Each year, approximately 30,000 Americans are diagnosed with multiple myeloma (MM), making it the second most commonly diagnosed hematological malignancy in the United States. Over time, the prevalence of MM has increased, with a progressively younger median age of diagnosis. Rapidly improving treatment options for MM has improved survival rates over the past 10 years, with 5-year survival rates approaching approximately 50%. However, questions abound regarding the role of race and ethnicity in MM, particularly with respect to survival rates.
The analysis reported below evaluates patient-level data from published Eastern Cooperative Oncology Group (ECOG)-ACRIN/South West Oncology Group (SWOG) and sought to further investigate these racial differences.1
This analysis included data from 9 previously published ECOG-ACRIN/SWOG clinical trials. Data collected on the patients enrolled in these trials included baseline demographics, clinical features, and MM characteristics. Clinical trials were grouped pertaining to fixed duration versus treatment given until progression, with or without stem cell transplantation, and treatment with a novel agent (ie, proteasome or immunomodulatory drug). Patients were separated into the following race-ethnicity categories: non-Hispanic whites, non-Hispanic African Americans, non-Hispanic others, and Hispanics. Investigators evaluated the relationship between race-ethnicity, and clinical outcomes, including progression and death.1
The final cohort included 2896 patients. The majority of patients were male (58.5%) and the median age was 61.4 years. Additionally, 81.9% were non-Hispanic whites, 13.5% were non-Hispanic African Americans, 2.6% were Hispanics, and 1.9% were non-Hispanic others. International Staging System (ISS) stage was only available for 2427 patients.
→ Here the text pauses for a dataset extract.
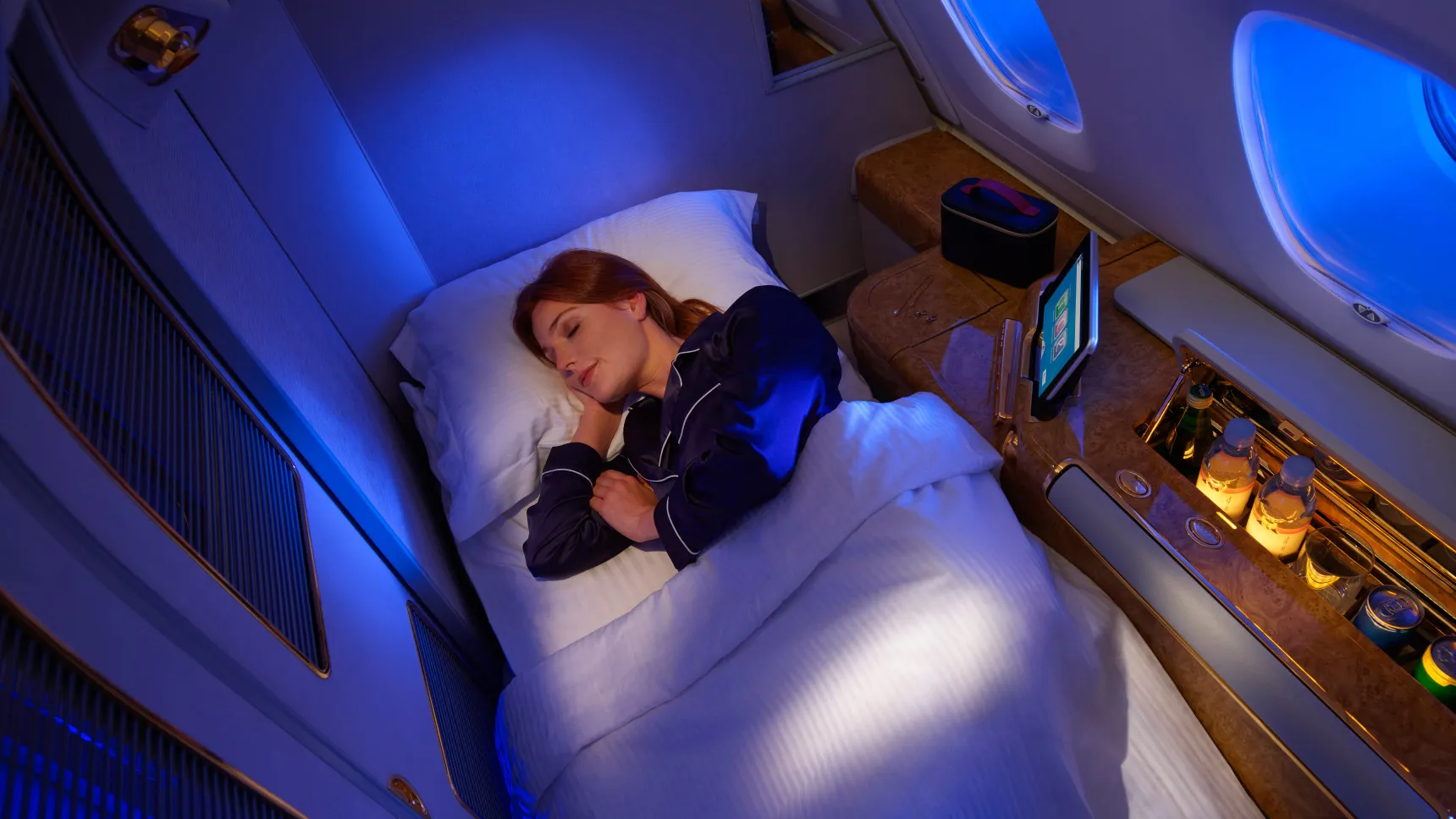 | Storage | Full-height wardrobe, floor-level luggage locker, two small personal storage nooks, and a soft drink cabinet (not refrigerated) | Low-level nook for shoes/personal items; bi-fold table | Seat pocket and tray table |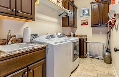 ☀ Washer and Dryer, marble countertops, stainless steel appliances with open floor plan and spacious living area.

Of these patients, 71.4% were stage I—II and 28.6% were stage III. A total of 63.9% of patients had lytic bony lesions. With regard to common laboratory parameters, 96.2% did not have hypercalcemia and 86.8% did not have any critical elevations in serum creatinine. Overall, 39.4% of patients had significant anemia. The number of patients who had an available body-mass index was 1261, and of those patients, 40.7% were overweight and the remaining 25.4% obese.1
Patient Characteristics by Race. Significant differences among race-ethnicity groups were observed with regard to median age at diagnosis (P <.001), gender (P = .002), overweight/obese (P = .0018), significant anemia (P <.001), and lactate dehydrogenase (P = .011). In regard to ECOG performance status, there were no serious differences with ISS stage, presence of absence of lytic bony lesions, bone marrow plasmacytosis, serum calcium, or creatine levels.1
Patient Participation in Clinical Trials by Race-Ethnicity. Significant differences among racial-ethnic subgroups for all clinical trial characteristics were observed with regard to enrollment in clinical trials (P <.001), treatment with novel anti-MM products (P = .047), stem cell transplantation trials (P = .034), and fixed duration treatment versus treatment to progression trials (P = .001).1
Outcomes by Patient Characteristics Other Than Race-Ethnicity. The study cohort was censored at 6 years and yielded 2375 progression events and 1782 deaths. Progression-free survival (PFS) was moderately stronger for females versus males and was significantly worse for patients ≥70 years, those having an ECOG performance status >0, and patients who were ISS stage III. With regard to laboratory parameters, PFS was much worse for patients with hemoglobin ≤10 g/dL and for those with serum creatinine ≥2 mg/dL. All of these parameters were also associated with significant differences in overall survival (OS), except with more profound results.1
Outcomes by Patient Race-Ethnicity. There were no significant results noted for response rates for the primary endpoints of clinical trials. Median PFS for the entire study population was 2 years and the median OS was 4.2 years.1
Among patients in the analysis, only 18% were non-white and the enrollment of minorities were found to decrease in most recent years. Overall, African-Americans were younger and included frequent poor-risk markers (eg, anemia and increased lactate dehydrogenase). Hispanics had the fewest number of patients enrolled in the trials that utilize novel therapeutic agents. Although certain demographic and clinical factors (ie, increased age, ECOG performance status, ISS stage, presence of anemia, and kidney dysfunction) were compared with decreased survival, patient race-ethnicity did not significantly effect response rates, PFS, or OS. The authors noted that “improved minority accrual in therapeutic clinical trials” needed to be a priority.1
1. Ailawadhi S, Jacobus S, Sexton R, et al. Disease and outcome disparities in multiple myeloma: exploring the role of race/ethnicity in the Cooperative Group clinical trials. Blood Cancer J. 2018;8(7):67. doi: 10.1038/s41408-018-0102-7.